I don't blame any pro for the way they run there boat on tourney days. Cause you really don't have a clue of what your co angler is good or bad at. Out of the 4 or 5 PWTs that I did, most of my co's were very good at both reeling in a fish and netting a fish. But there is always that 1 guy who thinks he is good, but can cost you a lot of money. I tried to make it as much like 2 buddies in a boat just having a fun day of fishing. Would have some great days and had some bad days. 
But there was 1 time that I had a co that cost me some decent money. In a very tough bite tourney up at the St Mary's River in Michigan. I had an 8+ lb walleye on that got close to the boat. But he was still 3' or 4' down in the water. Well my co tried to take a stab at him with the net. And I yelled NOOOOOO ! ! ! ! But he did anyway and the fish took off and snapped my line. I was so mad, but I tried to keep as much kool as I could. Cause we still had 5 hours of fishing for the day. But I lost concentration for the rest of the day and we never caught another fish. That 8+ lb fish cost me big fish for the day ($2000), and cost me from finishing in the 13 - 18 spot for the tourney. Another $3000. Still makes me sick to this day. And that was over 15 years ago.. lol


----------



## ErieRider (Mar 23, 2010)

Bluewalleye said:


> I don't blame any pro for the way they run there boat on tourney days. Cause you really don't have a clue of what your co angler is good or bad at. Out of the 4 or 5 PWTs that I did, most of my co's were very good at both reeling in a fish and netting a fish. But there is always that 1 guy who thinks he is good, but can cost you a lot of money. I tried to make it as much like 2 buddies in a boat just having a fun day of fishing. Would have some great days and had some bad days.
> But there was 1 time that I had a co that cost me some decent money. In a very tough bite tourney up at the St Mary's River in Michigan. I had an 8+ lb walleye on that got close to the boat. But he was still 3' or 4' down in the water. Well my co tried to take a stab at him with the net. And I yelled NOOOOOO ! ! ! ! But he did anyway and the fish took off and snapped my line. I was so mad, but I tried to keep as much kool as I could.

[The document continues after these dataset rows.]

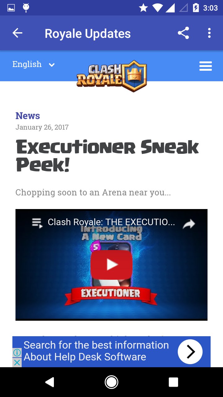 This app fetches the latest news and update content from Clash Royale web servers
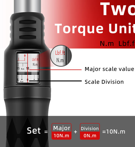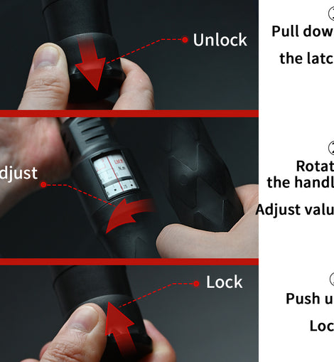 • 【Easy to Feel 'Click'】Pull down the lock knob and hold it until the torque setting is completed. Release the hand, the lock knob will automatically rebound back to lock the value. You will feel or hear a ‘click’ from the torque wrench when the preset torque value is reached to remind you not to apply any more force.
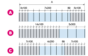- Specify the formula for distributing the bars in the set, using a combination of numbers, lengths or length percentages and spacings. You can use the following syntax when defining the layout formula:
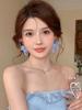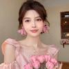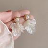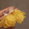 2025 White Chiffon Flower High-End Fairy Stud Earrings for Big Round Faces
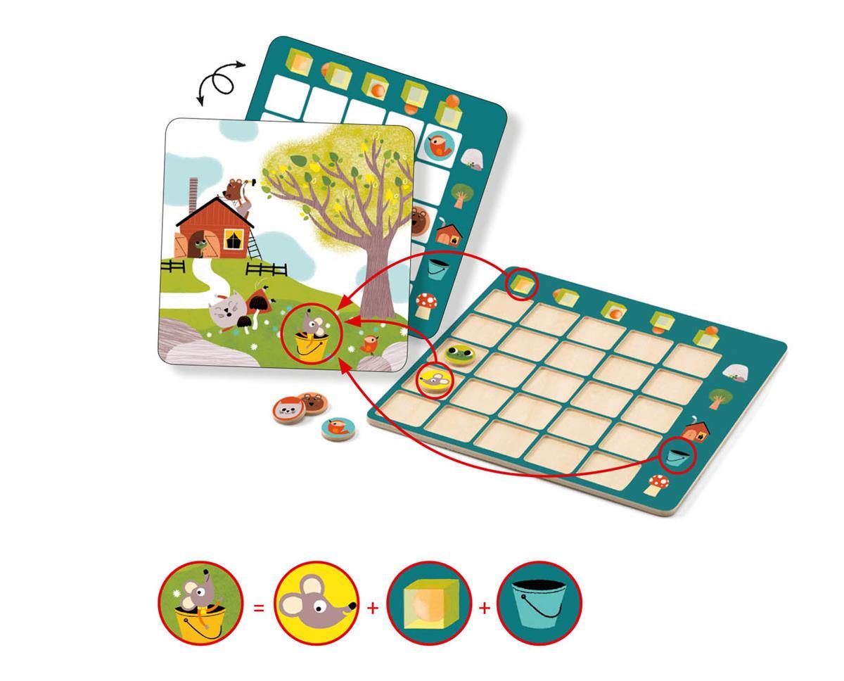 Eduludo Topologix to pomysłowa gra, która wzbudzi zainteresowanie każdego małego bystrzaka. Zestaw zawiera drewnianą planszę, 5 żetonów ze zwierzątkami oraz 20 kart z kolorowymi obrazkami. Zadaniem dziecka jest wybranie obrazka, odnalezienie na nim zwierzątek i właściwe rozmieszczenie żetonów na planszy.

Cause we still had 5 hours of fishing for the day. But I lost concentration for the rest of the day and we never caught another fish. That 8+ lb fish cost me big fish for the day ($2000), and cost me from finishing in the 13 - 18 spot for the tourney. Another $3000. Still makes me sick to this day. And that was over 15 years ago.. ]
> 
> 
> ...


----------



## Bronson (May 16, 2014)

Do you have a charter boat up there ErieRider?


----------